What do you see, when you say “I See”?
In Text Messaging, the phrase “I See” has got to be the rudest and laziest conversation stopper ever. Don’t get me wrong, I use this phrase in regular face-to-face conversations, but never in Text Messaging. In my opinion, it is rude. Really.
I tried Googling “I See” and found out this is really a phrase to mean “I understand what you mean” and it’s followed by a further response if you agree with what you just heard, or if you disagree (more often a disagree). BUT there’s a follow up.

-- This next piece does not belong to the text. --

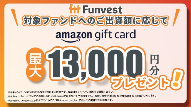 本ファンドへ出資していただいた投資家の皆様を対象として、出資額に応じて最大13,000円分のAmazonギフトカードをプレゼントするキャンペーンも併せて実施いたします。
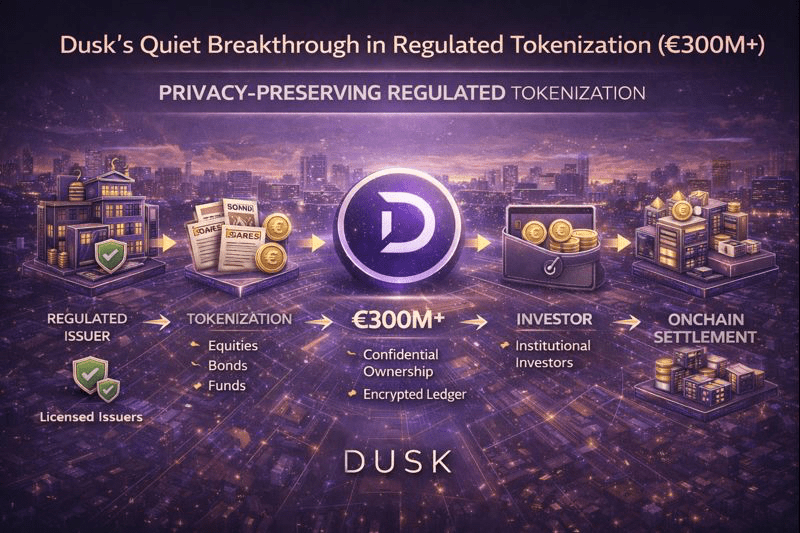 W ciągu ostatnich kilku lat rozmowa na temat tokenizacji stopniowo przechodziła od teorii do rzeczywistości. To, co zaczęło się eksperymentami z cyfrowymi reprezentacjami aktywów, przekształciło się w coś znacznie istotniejszego. Dzisiaj setki milionów euro wartości regulowanych instrumentów finansowych są emitowane, przechowywane i handlowane w formie tokenizowanej. W tym środowisku @Dusk has cicho stało się jednym z najbardziej wiarygodnych platform do przekształcania rzeczywistych papierów wartościowych w aktywa na łańcuchu. Fakt, że więcej niż 300 milionów euro wartości tokenizowanych papierów wartościowych jest powiązanych z ekosystemem Dusk, to nie liczba marketingowa. Odbija głębszą zmianę w sposób działania rynków kapitałowych.

This is why I feel it’s ok to use in in regular face-to-face conversation, which gives you the opportunity to further explain yourself after using that phrase. Alas, in Text Messaging, unless you are prepared to further type out what you meant, many just end their text conversation with “I see”!
So I googled further and found this in the Urban Dictionary: It’s the word everyone uses when someone just told you something and you literally can’t come up with anything else to respond with. So in essence you use “I see”, a response when you have nothing better to say.
Am I the only one who thinks this is really rude? Esp if you typed out a whole lot, or truly expressed how you felt, and the person just goes “I see”. I’ve been tempted nearly every time to respond, “erm what do you see??” And my next immediate thought that crosses my head is, “too lazy to type out what you see ah?”
Maybe it’s me being overly sensitive. But with so much text messaging going on in our lives now, I feel it is essential to know what’s spoken in conversations cannot really be ‘migrated’ to text messaging. It’s really quite likened to a slammed door in your face.
Then of course if you go “OIC”, it changes things. Using acronyms In text messaging is a whole new post on its own. But same principle applies. Using “I see”, “IC” or “OIC” is just as much as a stopper in text messages.